UNITED STATES DISTRICT COURT WESTERN DISTRICT OF KENTUCKY LOUISVILLE DIVISION
ANTHONY O., ) ) Plaintiff, ) Civil Action No. 3:22-CV-361-CHB ) v. ) ) KILOLO KIJAKAZI, Commissioner of ) ORDER ADOPTING MAGISTRATE Social Security, ) JUDGE’S REPORT AND ) RECOMMENDATION Defendant. )
*** *** *** *** This matter is before the Court on Magistrate Judge Regina S. Edwards’s Report and Recommendation (“Recommendation”). [R. 25]. The Recommendation addresses Plaintiff Anthony O.’s appeal from the final determination of the Commissioner denying his application for child disability benefits. Plaintiff did not object to Magistrate Judge Edwards’s Recommendation. For the reasons that follow, the Court will adopt the Recommendation and affirm the final decision of the Commissioner. I. Background On May 23, 2019, Marlena O. filed an application for Supplemental Security Income (“SSI”) benefits from the Social Security Administration under Title XVI of the Social Security Act, 42 U.S.C. § 1382c(a)(3) (the “Act”), on behalf of her son, Plaintiff Anthony O., who was then a minor. [R. 10 (Administrative Record) (hereinafter “Administrative Transcript” or “Tr.”), at 204]. The application was denied initially and on reconsideration. [Tr. 68–99]. Upon Plaintiff’s request, a hearing was conducted in Louisville, Kentucky before Administrative Law Judge Candance McDaniel (“ALJ McDaniel”) on February 16, 2021. (Tr. 40–67). Plaintiff reached adult age by the time the administrative hearing was held, and he attended the hearing with his mother and an attorney. Id. ALJ McDaniel issued an unfavorable decision on May 12, 2021. (Tr. 12–39). Because Plaintiff was under the age of 18 when his SSI application was filed,1 ALJ McDaniel began by apply the three-step sequential analysis promulgated by the Commissioner for evaluating a disability claim for a minor claimant, 20 C.F.R. § 416.924(a), and found as follows.

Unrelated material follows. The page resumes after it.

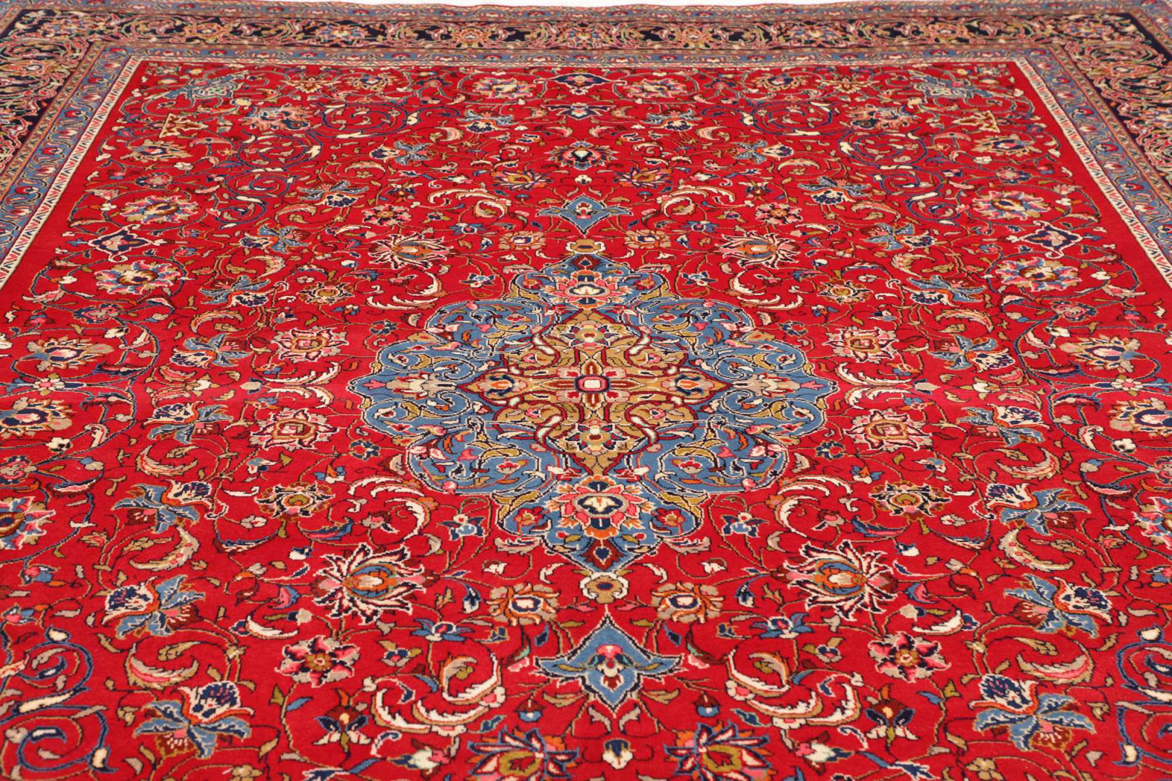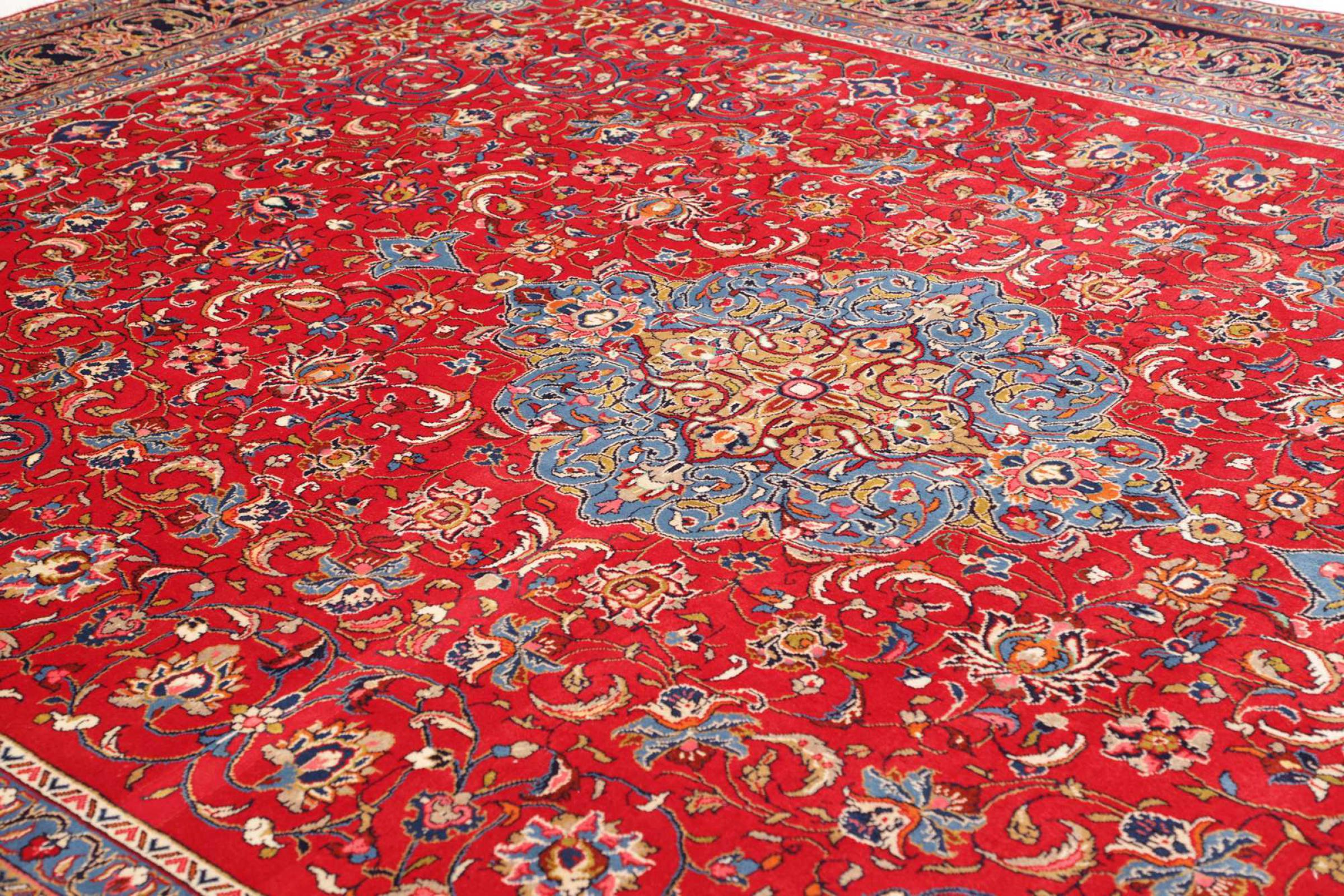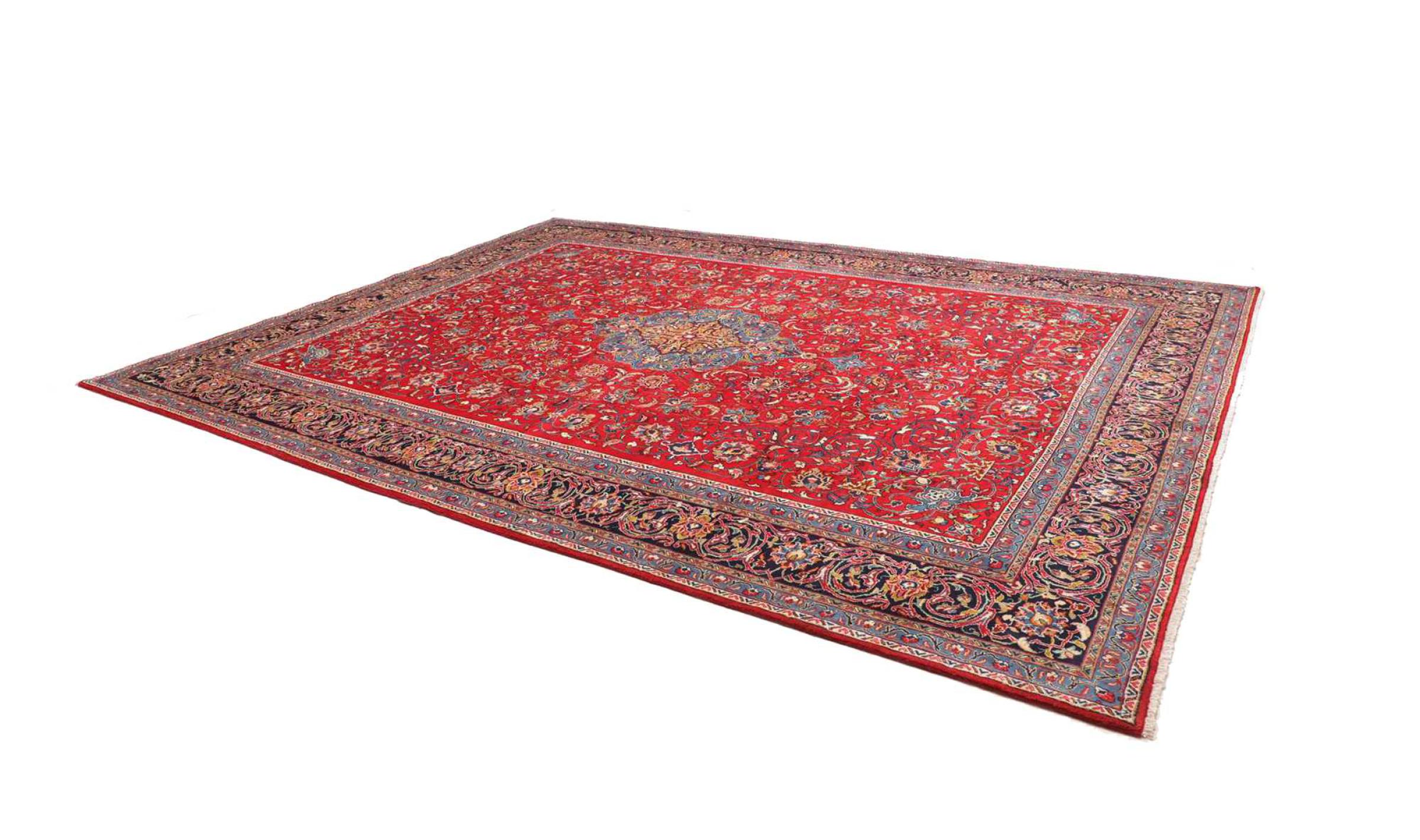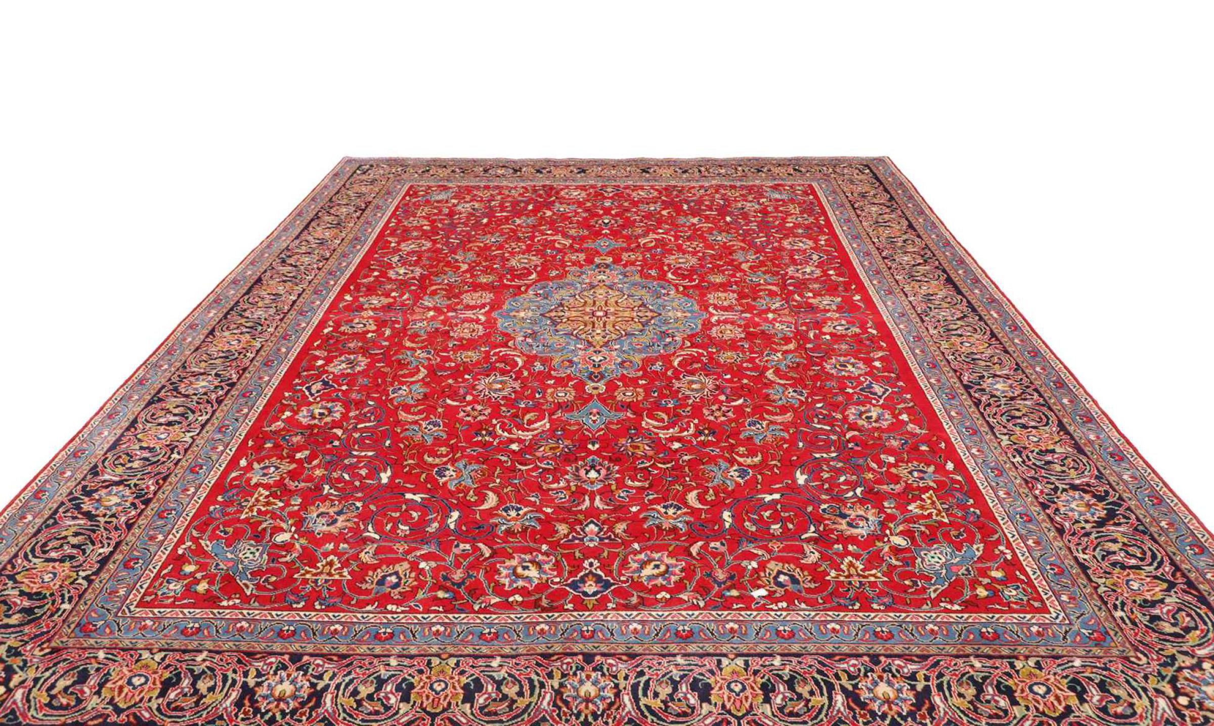 Teppenummer: 31910300737620 Størrelse: 399x299 cm Tykkelse: ca. 12 mm Knuter: 128 000 - 160 000 / m² Bearbeiding: Knyttet for hånd Søm: Håndspunnet Ull Kjede: Bomull Opprinnelse: Persia / Iran Alder: Nytt Vekt: ca. 48 kg Også kjent som Arak , Sarough, Sarouk, Saruk, Saroq, Sultanabad Antall på lager: Unikt - Kun 1 stk i lager

First, Plaintiff has not engaged in substantial gainful activity since May 23, 2019, his application date. [Tr. 20]. Second, prior to reaching age 18, Plaintiff had the severe impairments of autism, anxiety, depression, and asthma. Id. Third, none of Plaintiff’s impairments or combination of impairments met or medically equaled the severity of a listed impairment under 20 C.F.R. Pt. 404, Subpt. P, App’x 1. [Tr. 29]. ALJ McDaniel therefore found that, prior to reaching age 18, Plaintiff was not disabled. Id. Because Plaintiff turned 18 while his claim was pending, ALJ McDaniel continued through the five-step sequential analysis promulgated by the Commissioner for evaluating a disability claim for adults, 20 C.F.R. § 404.1520, Kyle v. Comm’r of Soc. Sec., 609 F.3d 847, 855 (6th Cir.
2010), and noted that while Plaintiff had not developed any new impairments since turning 18, he maintains the severe impairments she previously listed. Id. Still, ALJ McDaniel found that none of those impairments reached or equaled listing level. Id. She then determined that, since reaching adult age, Plaintiff has the residual functional capacity (“RFC”) to perform a full range of work at all exertional levels, with the following non-exertional limitations: [Claimant] should avoid concentrated exposure to temperature extremes involving wetness and humidity as well as concentrated exposure to fumes, odors, dusts, gases, and pulmonary irritants; can understand, remember, and carry out simple and detailed instructions; and can interact occasionally with supervisors and coworkers
1 A claimant under the age of 18 is considered disabled if they have a physical or mental impairment, or combination of impairments, that results in marked and severe functional limitations that have lasted or can be expected to last for a continuous period of not less than 12 months, or can be expected to result in death. See generally 20 C.F.R. § 416.924. but no work in tandem with coworkers and no interaction with the public for task completion.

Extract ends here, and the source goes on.